Document Search

A document search system returns whole documents relevant to the query. It’s useful if you’re not looking for a specific answer but rather want to explore and understand the context around your query.

Document search is the base for almost any pipeline in deepset Cloud. If you’re building a retrieval-augmented generation (RAG) pipeline, document search is the part that feeds the correct document to the large language model (LLM).

If you’re building an extractive question answering (QA) pipeline, the QA model can only find answers in the documents retrieved by the document search part of the pipeline.

How Does It Work?

Document search systems help you find the documents related to your query. The basic component of a document search system is the Retriever. When given a query, the Retriever reviews all documents in your database and fetches the most relevant ones.

Retrieval Types

There are essentially two types of retrievers you can use in your document search system: keyword-based and vector-based. You can also combine them to take advantage of their strengths.

Keyword-Based Retrieval

A screenshot of the deepset Cloud search field with the keyword "retriever" in it and a document text fetched as a result. Over the document text, there's a navy blue magnifying glass icon.

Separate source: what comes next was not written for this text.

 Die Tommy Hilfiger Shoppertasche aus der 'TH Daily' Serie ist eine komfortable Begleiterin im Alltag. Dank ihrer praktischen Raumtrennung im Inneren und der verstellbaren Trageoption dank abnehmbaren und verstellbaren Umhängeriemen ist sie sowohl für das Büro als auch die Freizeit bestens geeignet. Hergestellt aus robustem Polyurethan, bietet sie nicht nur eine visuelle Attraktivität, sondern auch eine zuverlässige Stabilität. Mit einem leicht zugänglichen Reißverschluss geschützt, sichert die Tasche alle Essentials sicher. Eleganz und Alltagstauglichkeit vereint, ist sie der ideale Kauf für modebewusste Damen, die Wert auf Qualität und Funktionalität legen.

This retrieval type uses a keyword-based retriever, also known as a sparse retriever. An example of such a retriever is BM25Retriever.

Sparse retrievers work with keywords, looking for words shared between the document and the query. They operate on a bag-of-words level and don’t consider the order of words or their contextual meanings, which means they may not capture semantic nuances as effectively as dense retrievers.

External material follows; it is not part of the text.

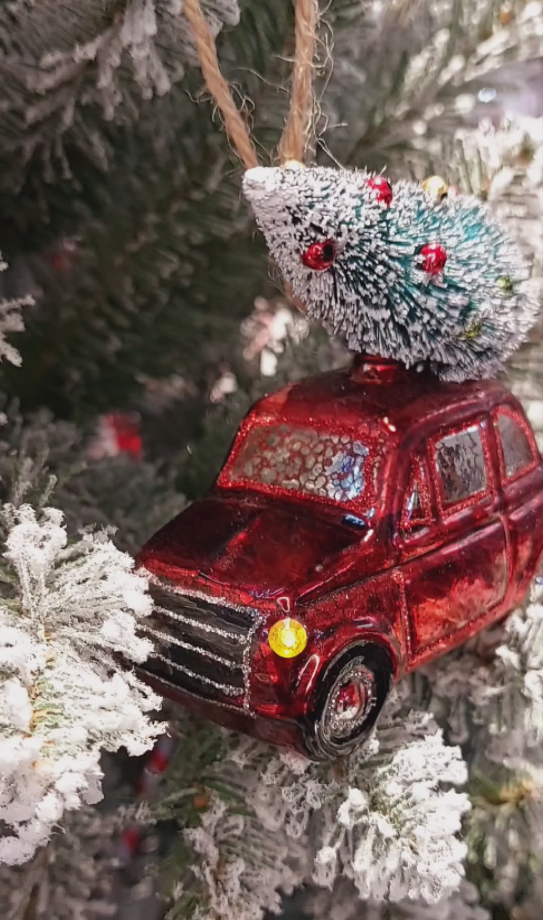Christmas Glass Ornament - Car with Christmas Tree by Wizardi F07M3-9 HB-SY25266

These retrievers don’t need any training and are fast and effective. They can work on any language and any domain.

Vector-Based Retrieval

Numbers arranged along a vertical and horizontal axis.

This retrieval type relies on vector-based, or dense, retrievers, such as EmbeddingRetriever. Dense retrievers use a model to transform both the documents and the query into numerical vectors (embeddings). Then, they compare both embeddings and, based on that, fetch the documents most similar to the query.

Dense retrievers are very good at capturing nuances in queries and documents, recognizing similarities that go beyond keyword matching. They can recognize contextual and semantic information about words and their relationships within a sentence.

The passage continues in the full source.